WORK REQUEST: Set down, word for word, every line of the material below from the one containing "Zestaw Dzbanek Miedziany" through the one containing "Licht pulletje uit", but none of its pictures.

EXCERPTED RECORDS:
________________

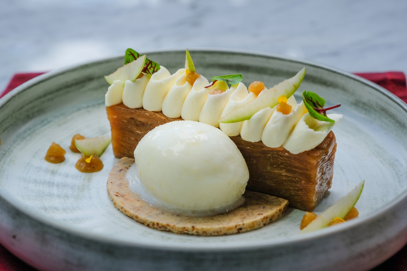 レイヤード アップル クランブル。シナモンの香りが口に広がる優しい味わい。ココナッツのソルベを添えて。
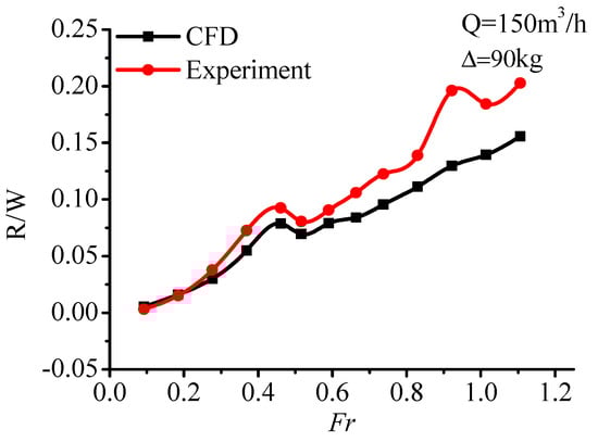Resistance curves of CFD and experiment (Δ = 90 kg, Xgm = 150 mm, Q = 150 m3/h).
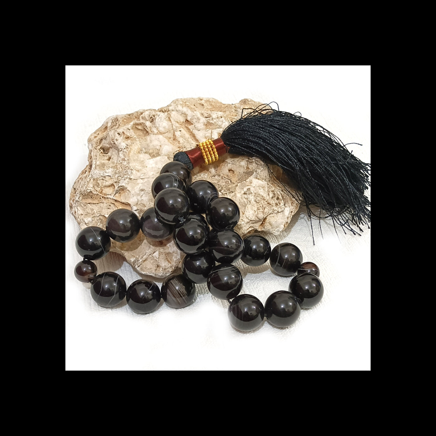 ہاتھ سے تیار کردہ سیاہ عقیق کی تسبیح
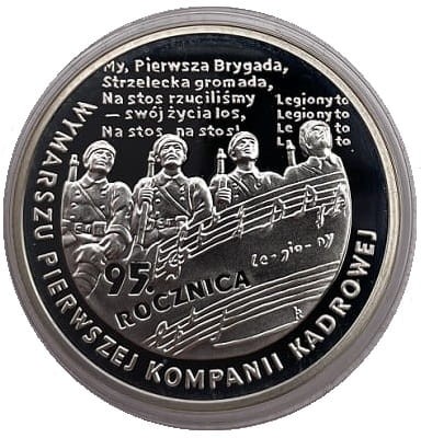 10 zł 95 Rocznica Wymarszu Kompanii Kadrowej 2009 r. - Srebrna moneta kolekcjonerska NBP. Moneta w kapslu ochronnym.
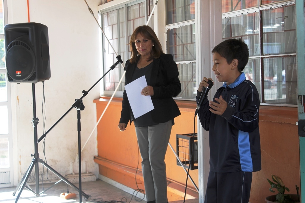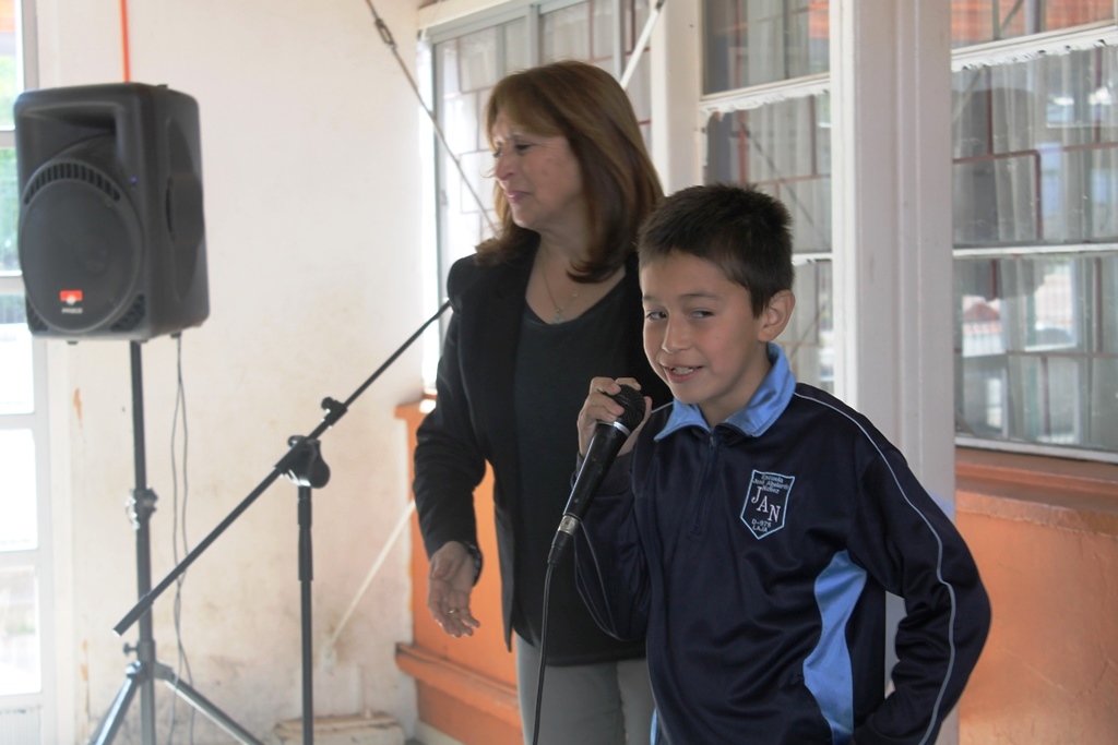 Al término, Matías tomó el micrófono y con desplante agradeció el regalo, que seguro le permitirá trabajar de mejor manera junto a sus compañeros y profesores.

________________

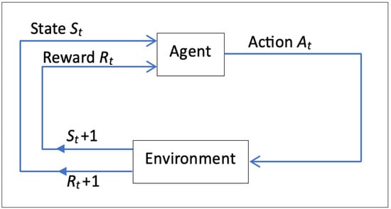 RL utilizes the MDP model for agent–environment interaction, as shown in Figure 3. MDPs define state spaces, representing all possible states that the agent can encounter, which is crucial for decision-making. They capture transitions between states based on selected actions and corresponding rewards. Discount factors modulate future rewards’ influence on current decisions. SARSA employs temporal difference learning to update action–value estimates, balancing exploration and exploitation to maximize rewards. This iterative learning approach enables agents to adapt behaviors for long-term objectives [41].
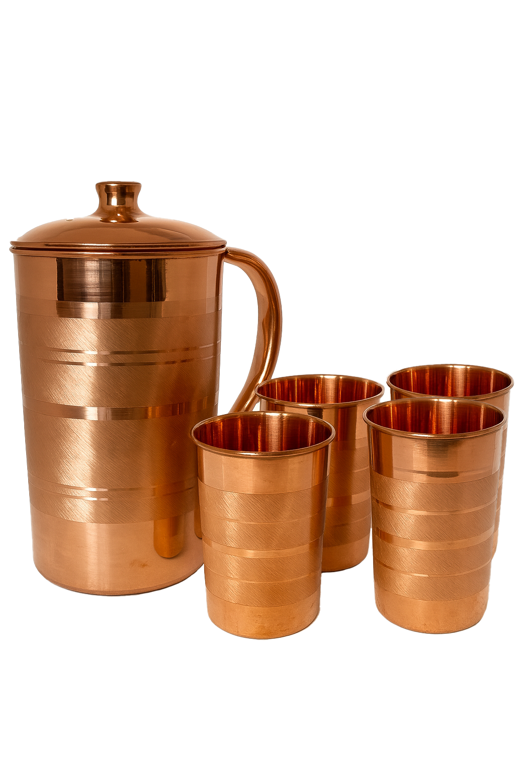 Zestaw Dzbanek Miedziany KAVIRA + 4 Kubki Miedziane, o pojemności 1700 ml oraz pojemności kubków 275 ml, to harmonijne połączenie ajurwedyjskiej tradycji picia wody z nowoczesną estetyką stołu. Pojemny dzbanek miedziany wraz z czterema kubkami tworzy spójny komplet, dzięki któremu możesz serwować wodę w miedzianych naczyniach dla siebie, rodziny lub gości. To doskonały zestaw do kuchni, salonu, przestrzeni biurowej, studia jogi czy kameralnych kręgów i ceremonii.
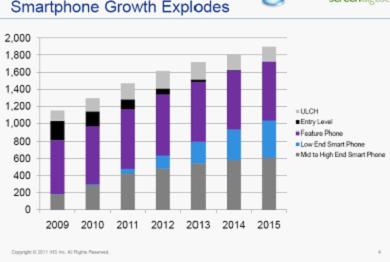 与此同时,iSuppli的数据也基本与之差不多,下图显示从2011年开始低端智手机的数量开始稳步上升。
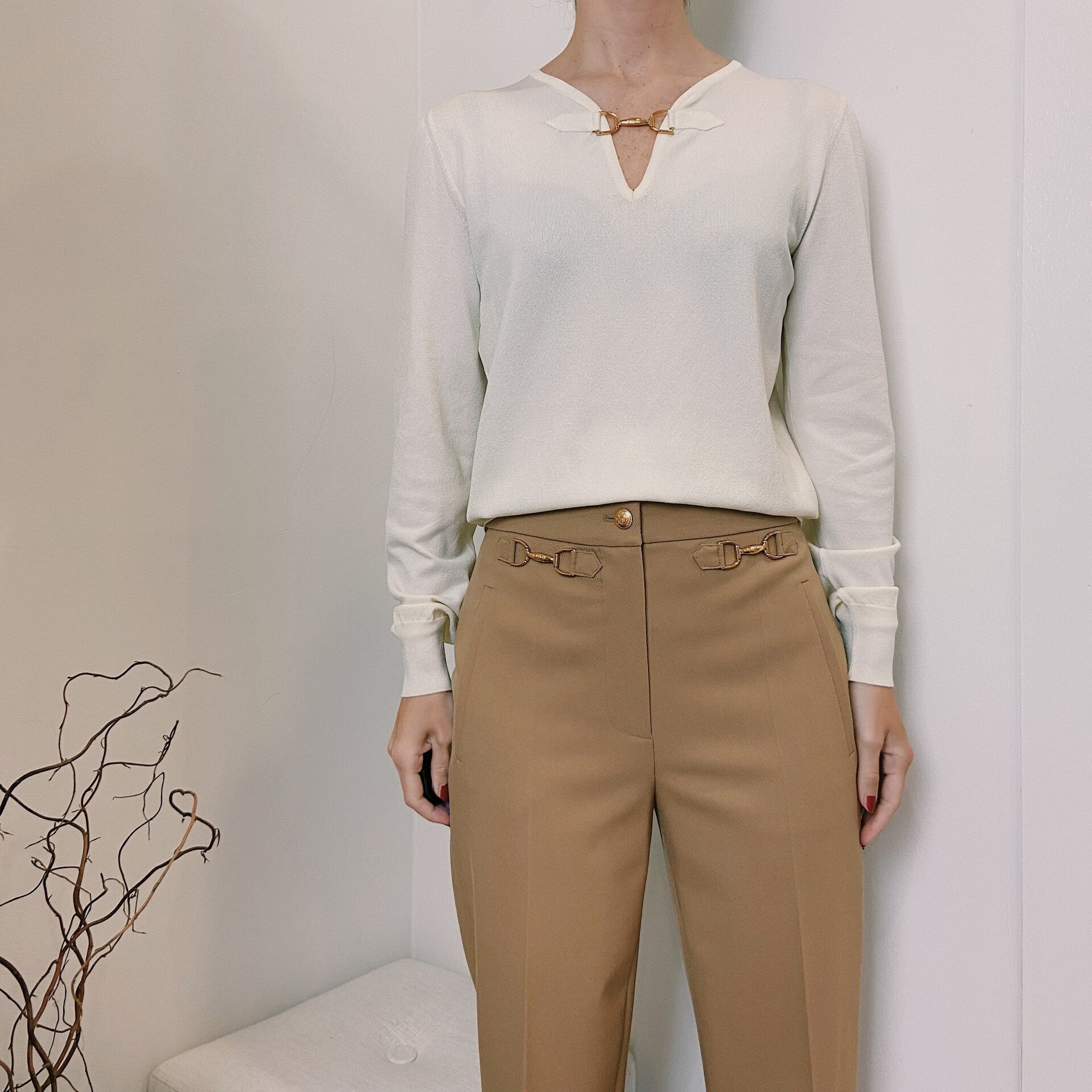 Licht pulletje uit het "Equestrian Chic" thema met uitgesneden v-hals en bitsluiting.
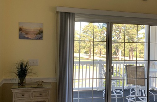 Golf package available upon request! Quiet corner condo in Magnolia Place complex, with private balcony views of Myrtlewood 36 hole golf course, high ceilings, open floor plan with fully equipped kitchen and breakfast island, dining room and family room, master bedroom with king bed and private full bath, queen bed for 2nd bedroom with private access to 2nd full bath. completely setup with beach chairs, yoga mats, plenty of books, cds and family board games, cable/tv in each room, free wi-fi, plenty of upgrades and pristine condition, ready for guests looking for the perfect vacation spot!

________________

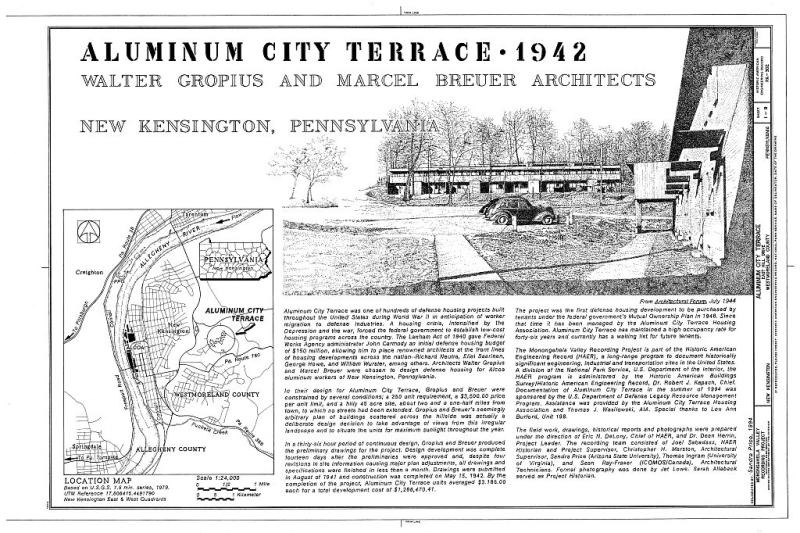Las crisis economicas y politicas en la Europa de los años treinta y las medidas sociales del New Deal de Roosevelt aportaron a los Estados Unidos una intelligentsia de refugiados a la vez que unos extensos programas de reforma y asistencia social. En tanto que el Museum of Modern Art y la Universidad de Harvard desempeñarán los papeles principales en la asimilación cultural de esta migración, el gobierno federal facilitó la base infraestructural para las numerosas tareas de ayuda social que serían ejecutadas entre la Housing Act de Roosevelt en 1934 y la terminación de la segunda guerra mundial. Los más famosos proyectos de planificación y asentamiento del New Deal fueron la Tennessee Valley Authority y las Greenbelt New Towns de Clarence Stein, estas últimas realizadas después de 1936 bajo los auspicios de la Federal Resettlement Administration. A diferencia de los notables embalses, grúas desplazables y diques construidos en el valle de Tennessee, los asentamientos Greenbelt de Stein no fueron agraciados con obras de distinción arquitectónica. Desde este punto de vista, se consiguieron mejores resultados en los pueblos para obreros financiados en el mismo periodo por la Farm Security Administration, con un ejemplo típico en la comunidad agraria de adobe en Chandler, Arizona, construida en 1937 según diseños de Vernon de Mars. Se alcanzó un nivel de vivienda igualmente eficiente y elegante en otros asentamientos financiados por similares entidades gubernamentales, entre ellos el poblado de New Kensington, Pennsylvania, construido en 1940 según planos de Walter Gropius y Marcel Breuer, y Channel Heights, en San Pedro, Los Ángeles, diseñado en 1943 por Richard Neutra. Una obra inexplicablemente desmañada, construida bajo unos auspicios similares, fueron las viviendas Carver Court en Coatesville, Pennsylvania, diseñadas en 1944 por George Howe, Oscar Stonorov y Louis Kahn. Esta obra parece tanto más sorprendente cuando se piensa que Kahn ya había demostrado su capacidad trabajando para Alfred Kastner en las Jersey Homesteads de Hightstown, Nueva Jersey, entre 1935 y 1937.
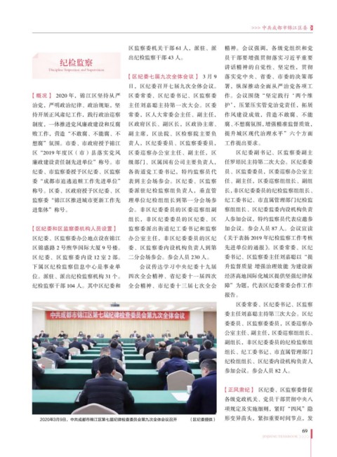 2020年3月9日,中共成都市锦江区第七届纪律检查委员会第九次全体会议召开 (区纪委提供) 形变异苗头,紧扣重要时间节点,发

________________

ANSWER SPACE:
 Zestaw Dzbanek Miedziany KAVIRA + 4 Kubki Miedziane, o pojemności 1700 ml oraz pojemności kubków 275 ml, to harmonijne połączenie ajurwedyjskiej tradycji picia wody z nowoczesną estetyką stołu. Pojemny dzbanek miedziany wraz z czterema kubkami tworzy spójny komplet, dzięki któremu możesz serwować wodę w miedzianych naczyniach dla siebie, rodziny lub gości. To doskonały zestaw do kuchni, salonu, przestrzeni biurowej, studia jogi czy kameralnych kręgów i ceremonii.
 与此同时,iSuppli的数据也基本与之差不多,下图显示从2011年开始低端智手机的数量开始稳步上升。
 Licht pulletje uit het "Equestrian Chic" thema met uitgesneden v-hals en bitsluiting.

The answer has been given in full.